Shimmering Stars Violent Hearts
(Sub Pop)From the first moment of Violent Hearts, Shimmering Stars seem to have produced an album with some nice melodies, some fun guitar work, and a smattering of reverb. Most of that stays true throughout a listen, but the reverb piles up over the 30 minutes the album takes to run its course. As a result, any delight taken with the nice use of melody and the playful guitar work is quickly thrust aside as the oppressive sound continues to build.
It’s hard to definitely call Violent Hearts a bad album, because when it finished, I wasn’t sure I’d really listened to an album at all. I mean, it all flowed together well enough, but what flowed together was, well, a stream of reverb and not much else. There are even some good melodic ideas here, but they too have been drowned by that same reverb that permeates every shimmering pore.

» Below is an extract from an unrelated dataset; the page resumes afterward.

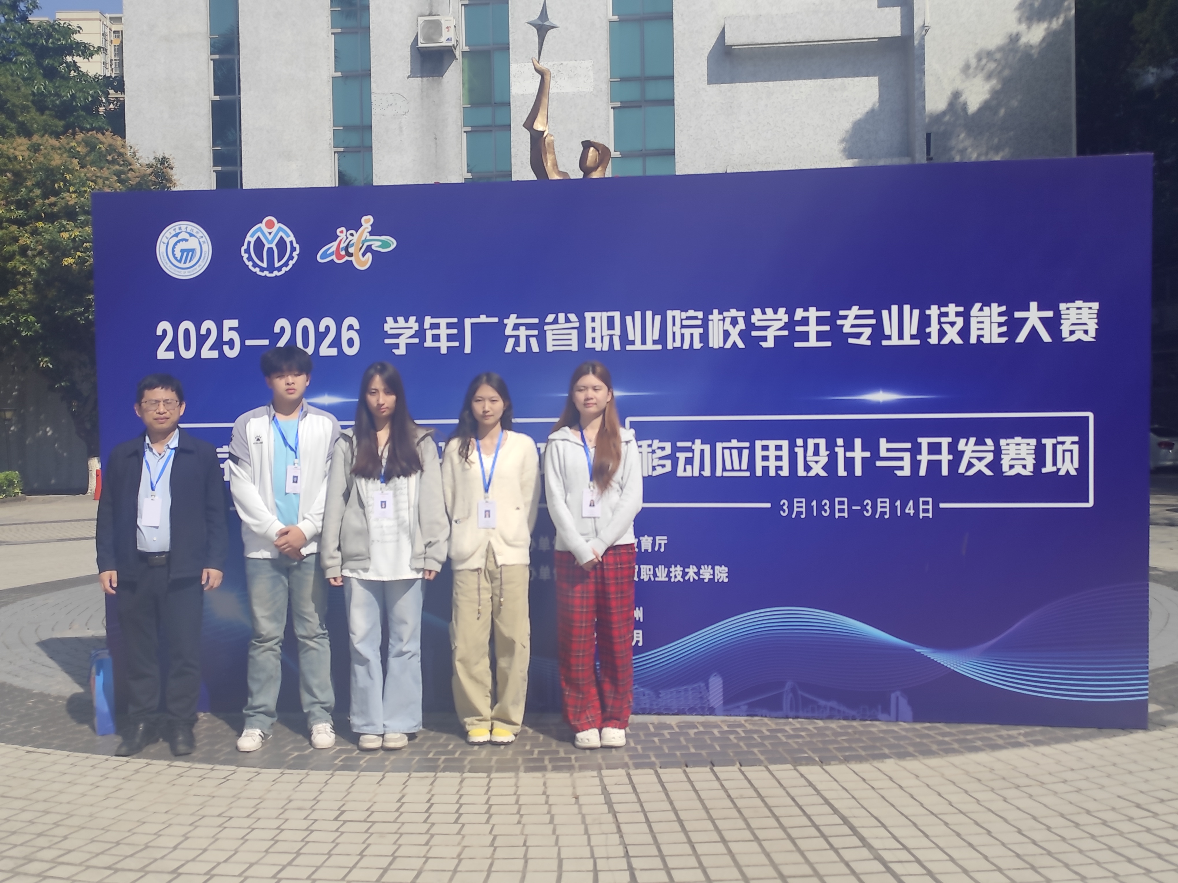 3月13日至14日,广东省职业院校学生技能大赛2025-2026年度移动应用设计与开发赛项在广东工贸职业技术学院举办。此次大赛全省66所高职院校代表队参赛,经过一天的激烈角逐,计算机信息工程学院彭依琳、魏淙正、刘奕美、黄嘉琪组成的参赛队,在李鹏、王建华、闵小翠老师的悉心指导下,以全省66支赛队排名第11名的优异成绩荣获省赛二等奖,为学校争得了荣誉。

It’s not as if Shimmering Stars are somehow evoking the lo-fi movement by soaking the vocals, drums, guitars and bass in this thick, muddy reverb. No, the recording on the instrumentation doesn’t reach that lo-fi measure, and while everything sounds somewhat badly recorded, it’s only because the “Hall” setting has been turned on several times. It’s not as if Shimmering Stars is evoking the shoegazing movement, either. The vocals are obscured, but nothing else really meshes. Sure, the vocals sound a bit like an instrument, but they sound like an out-of-place instrument that’s been dropped into an otherwise interesting mix.
I wanted to like Violent Hearts — I really did. When I tried, I was shown some fun ideas (really, there are some!), but the first two tracks are the best the album has to offer, and that feeling of being covered in molasses got to be a bit much. If there were a little sonic room, and maybe if the vocals had room to breathe, this might be a different story. But no amount of nice ‘50s-beach-music riffing can account for the damage done to my ears by the immoderate use of reverb.